About Pilates
Joseph Pilates developed the Pilates technique of body conditioning over 90 years ago. It has long been a method employed by dancers and athletes to prevent muscular imbalances and to maintain proper skeletal alignment.

The technique consists of a series of related exercises performed on a mat as well as apparatus. The principle piece of equipment used in Pilates technique is known as the "Reformer". The Reformer is a machine consisting of a horizontal platform with a movable carriage. The movement of the carriage is controlled by adjustable springs. This allows variable resistance during the exercises, according to an individual's capabilities and needs. In order to enhance total body conditioning, exercises done on the Reformer are performed in various positions including sitting, standing and reclining. During certain exercises, the attached straps are either held in the hands or placed over the feet, thereby expanding the opportunity to work several parts of the body simultaneously. This improves coordination and assists in the proper alignment of the body during movement.

Although the majority of people who practice the Pilates technique do so for fitness benefits, it has also been of significant value to those recovering from injuries. When the body suffers from chronic injury or sudden trauma, it protects the affected area by compensating or over-compensating with surrounding muscle groups. This often results in imbalances in the use of muscle groups as well as improper skeletal alignment. With time such poor body mechanics can recondition a person's posture and increase the potential for a whole new set of problems. The Pilates technique is effective in counteracting such adverse effects because the exercises focus on both correct alignment and proper muscle integration.
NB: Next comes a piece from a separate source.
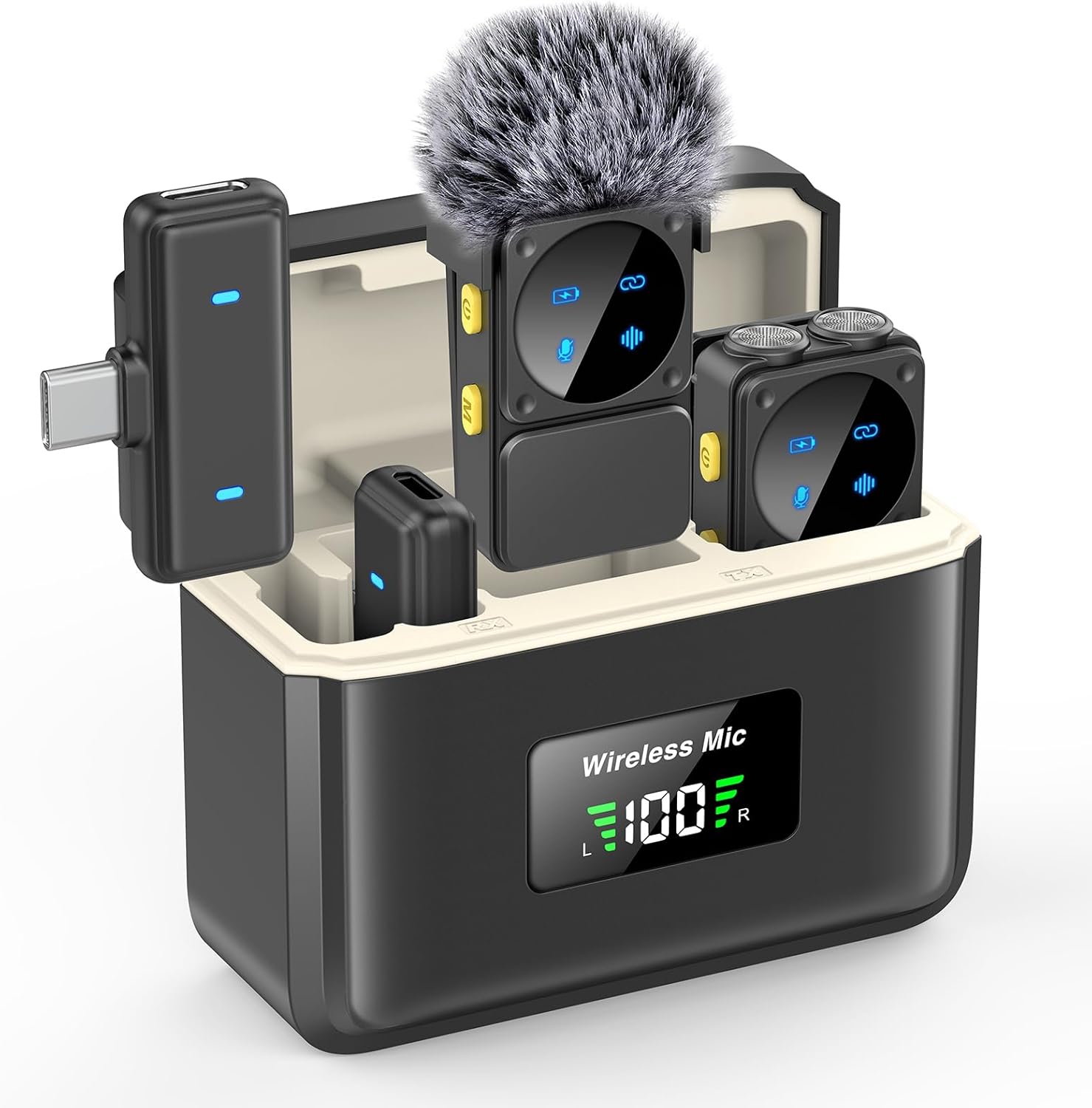 - Included Components : 1 x 80H Charging Case, 1 x Charging cable, 1 Ă— USB C Receiver+ 1 x Lightning Receiver, 2 x Windscreen Cover, 2 Ă— Multi-function Transmitters 1 x 80H Charging Case, 1 x Charging cable, 1 Ă— USB C Receiver+ 1 x Lightning Receiver, 2 x Windscreen Cover, 2 Ă— Multi-function Transmitters

For those interested in fine tuning athletic skills or becoming reacquainted with their bodies, the Pilates conditioning program is ideal. It promotes strength, flexibility, coordination, mental concentration, and the fluidity of movement as seen in professional dancers. The adaptability of the technique to meet an individual's needs makes it a particularly beneficial program for the person rehabilitating from an injury, the one pursuing overall fitness goals, or for those preparing for athletic competitions.